(Stored data)
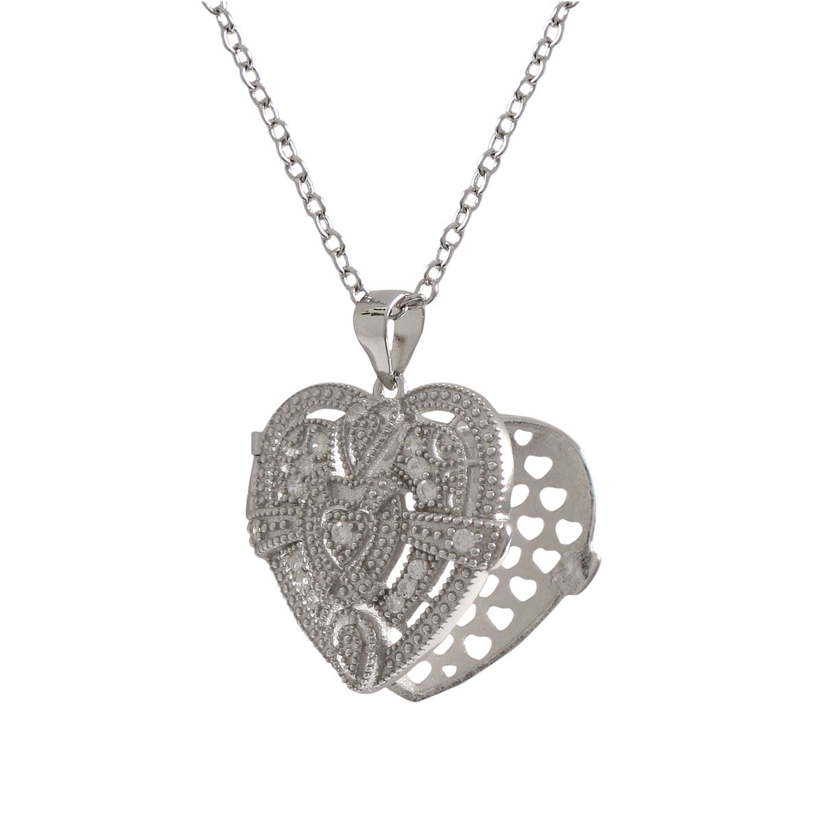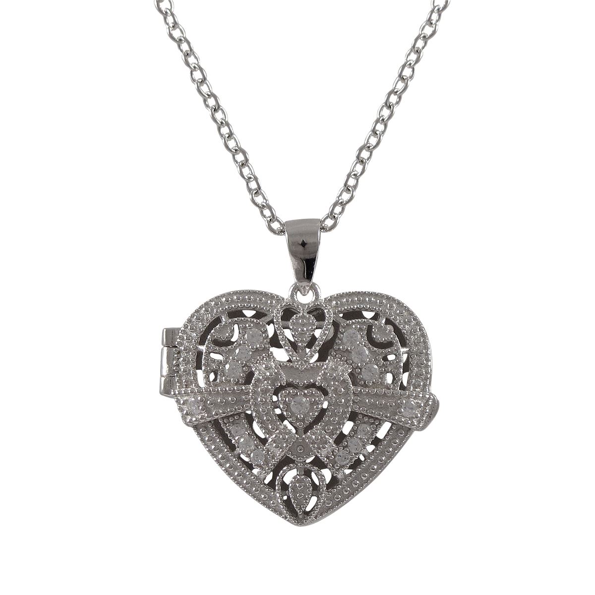 Rhodium Plated Sterling Silver, CZ Filigree Heart Locket Pendant
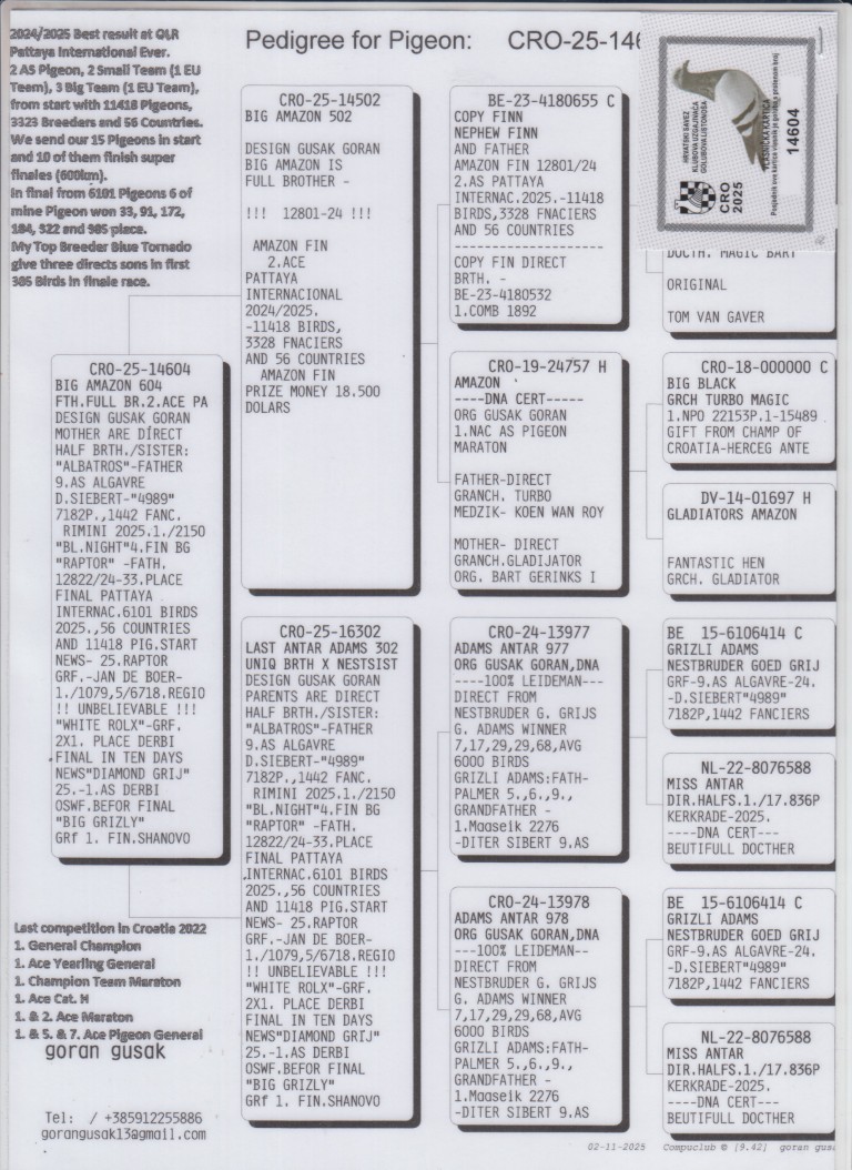 Uit: ”Big Amazon”, broer 2. Finale OLR PIPR Pattaya (startend met 11.418 d.), zoon ”Amazon”, 1. Nat. Asduif x ”Last Antar Adams”, uit zoon & dtr. ”Grizli Adams”, nazaten: 1. & 2. OLR Finale As Croatia, 1. OLR Finale Derby Belgrade
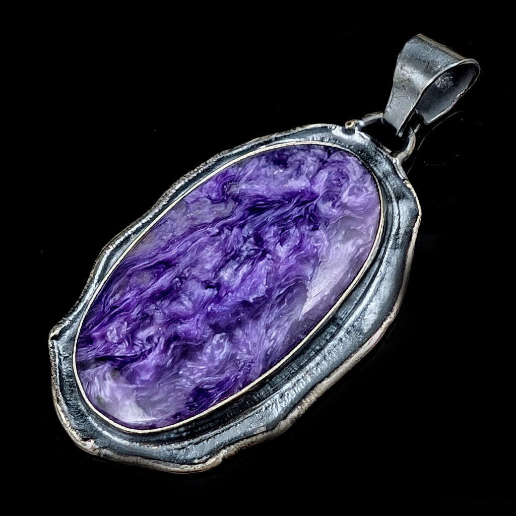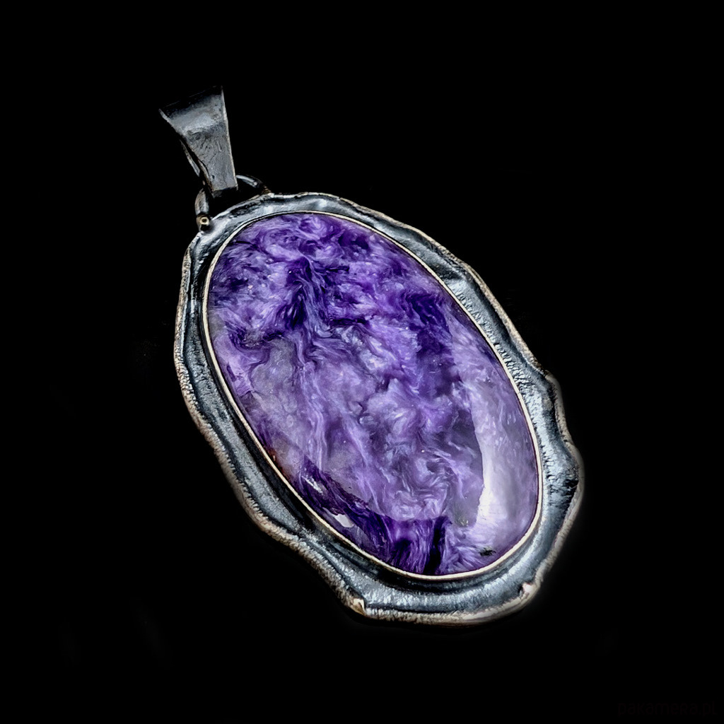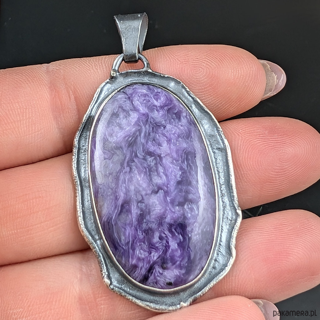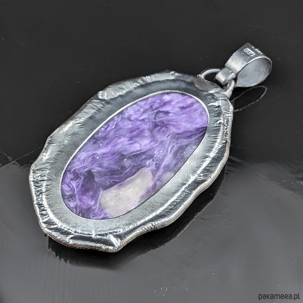 Wisior wykonany z oksydowanego srebra pr. 925 oraz czaroitu o przepięknych odcieniach fioletu. Na tafli kamienia, oprócz charakterystycznych inkluzji, można zaobserwować też poruszające się wstegi, efekt kociego oka. Wymiary oprawy 45 x 30 mm. Z krawatką 57 mm. Waga 13 gramów. Wisior zostanie zapakowany w ozdobne pudełeczko.
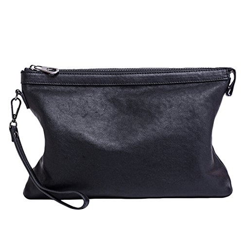 SEALINF Men’s Genuine Leather Handbag Sheepskin Clutch Bag Zip Closure Wallet
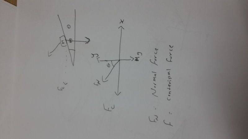 If it is then the normal force is perpendicular to the track ( ie perpendicular to centripetal force) then it would have no component providing the requisite force. Here is the figure in photo.Maged Saeed said:To the center of the circle NOT to the center of the x-direction ,, I didn't mean that ,,
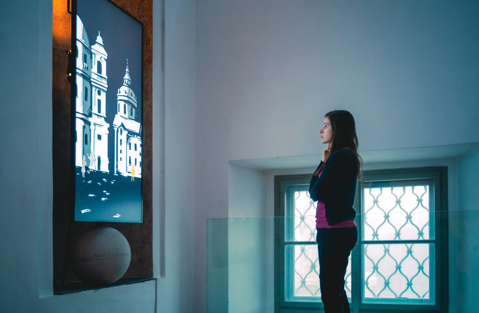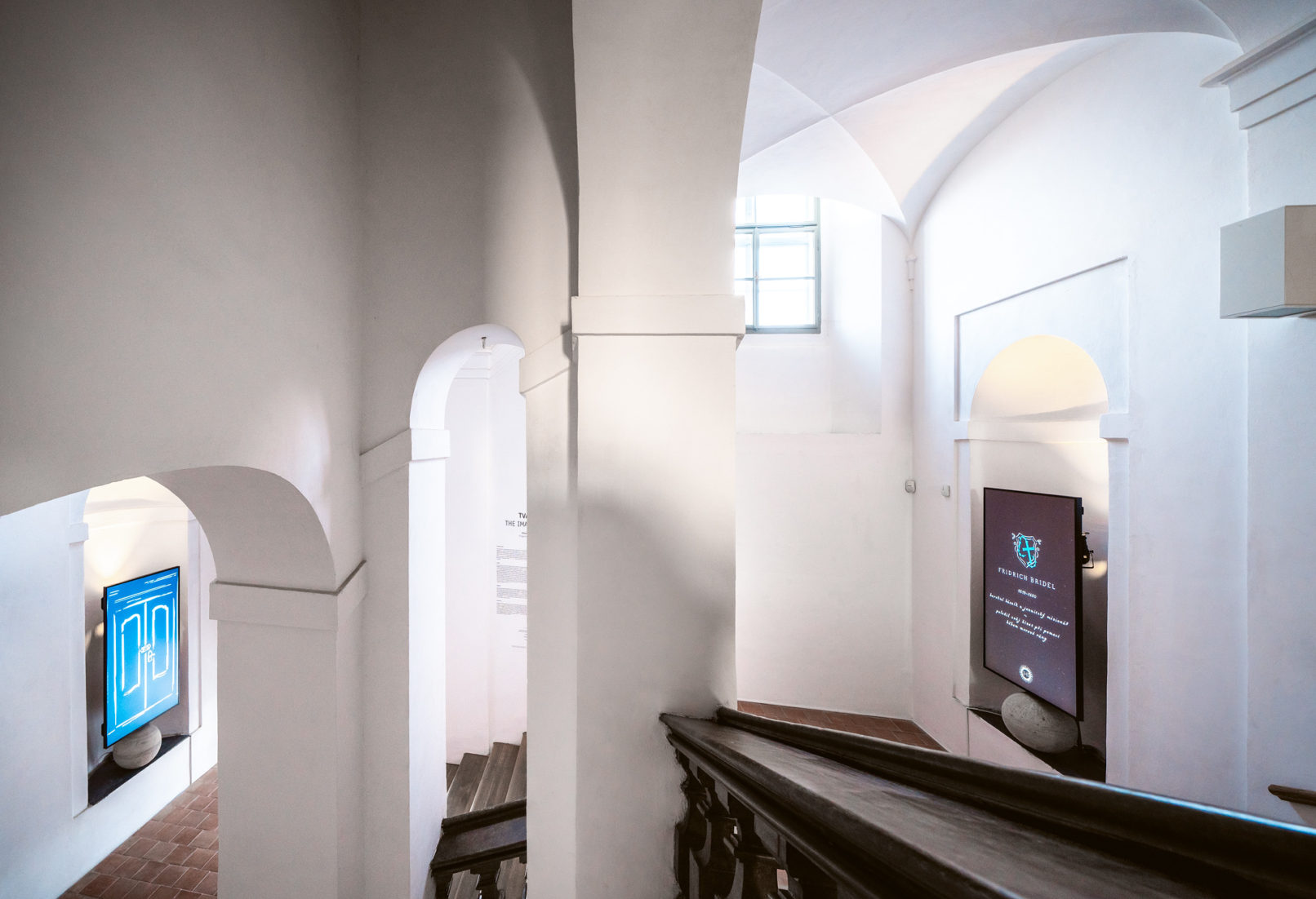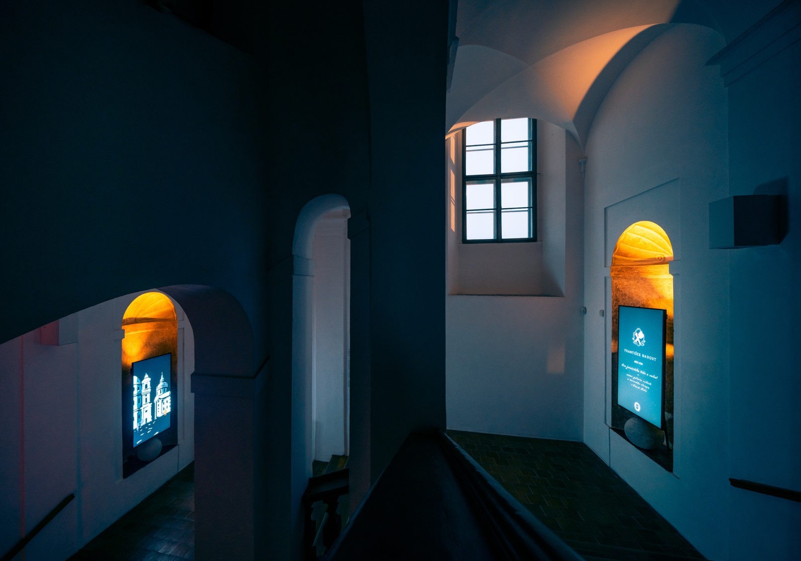 Společně jsme využili barokní niky na severním schodišti. V nich se nacházejí portály do minulosti, krátká animovaná videa vyprávějící příběhy, které ovlivnily tvář a historii jezuitské koleje.
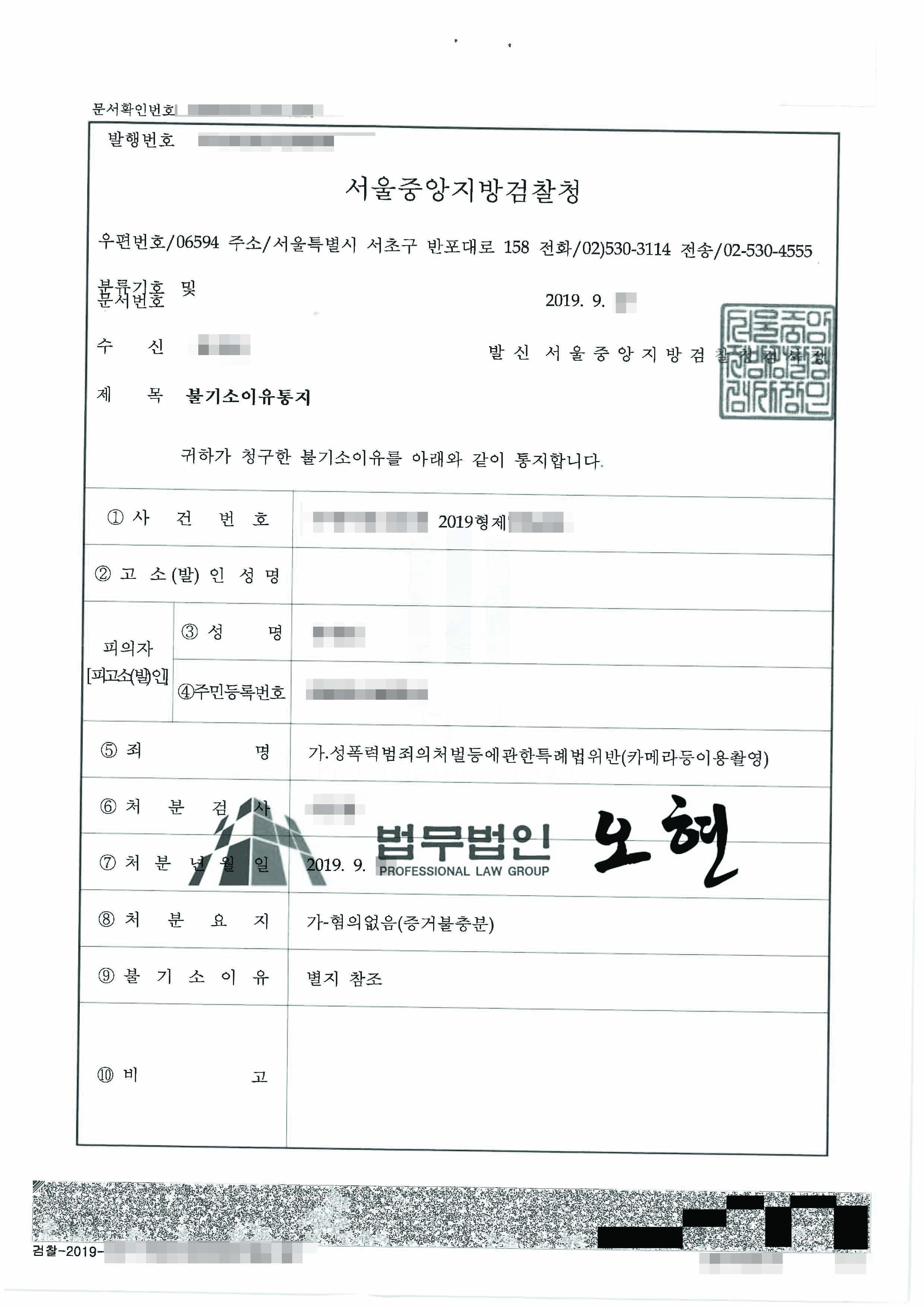 담당검사는 “피의자가 촬영한 사진은 성적 욕망 또는 수치심을 유발살 수 있는 신체를 촬영한 것이라고 보기 어렵다.”며 혐의없음 처분하였습니다.
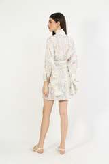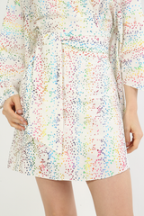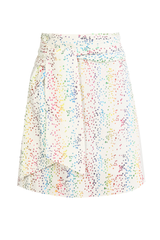 Saia modelagem parêo, comprimento curto, confeccionada em linho com foil.

> Task item
Please output the records above exactly, without the pictures.

> Completed task
 Rhodium Plated Sterling Silver, CZ Filigree Heart Locket Pendant
 Uit: ”Big Amazon”, broer 2. Finale OLR PIPR Pattaya (startend met 11.418 d.), zoon ”Amazon”, 1. Nat. Asduif x ”Last Antar Adams”, uit zoon & dtr. ”Grizli Adams”, nazaten: 1. & 2. OLR Finale As Croatia, 1. OLR Finale Derby Belgrade
 Wisior wykonany z oksydowanego srebra pr. 925 oraz czaroitu o przepięknych odcieniach fioletu. Na tafli kamienia, oprócz charakterystycznych inkluzji, można zaobserwować też poruszające się wstegi, efekt kociego oka. Wymiary oprawy 45 x 30 mm. Z krawatką 57 mm. Waga 13 gramów. Wisior zostanie zapakowany w ozdobne pudełeczko.
 SEALINF Men’s Genuine Leather Handbag Sheepskin Clutch Bag Zip Closure Wallet
 If it is then the normal force is perpendicular to the track ( ie perpendicular to centripetal force) then it would have no component providing the requisite force. Here is the figure in photo.Maged Saeed said:To the center of the circle NOT to the center of the x-direction ,, I didn't mean that ,,
 Společně jsme využili barokní niky na severním schodišti. V nich se nacházejí portály do minulosti, krátká animovaná videa vyprávějící příběhy, které ovlivnily tvář a historii jezuitské koleje.
 담당검사는 “피의자가 촬영한 사진은 성적 욕망 또는 수치심을 유발살 수 있는 신체를 촬영한 것이라고 보기 어렵다.”며 혐의없음 처분하였습니다.
 Saia modelagem parêo, comprimento curto, confeccionada em linho com foil.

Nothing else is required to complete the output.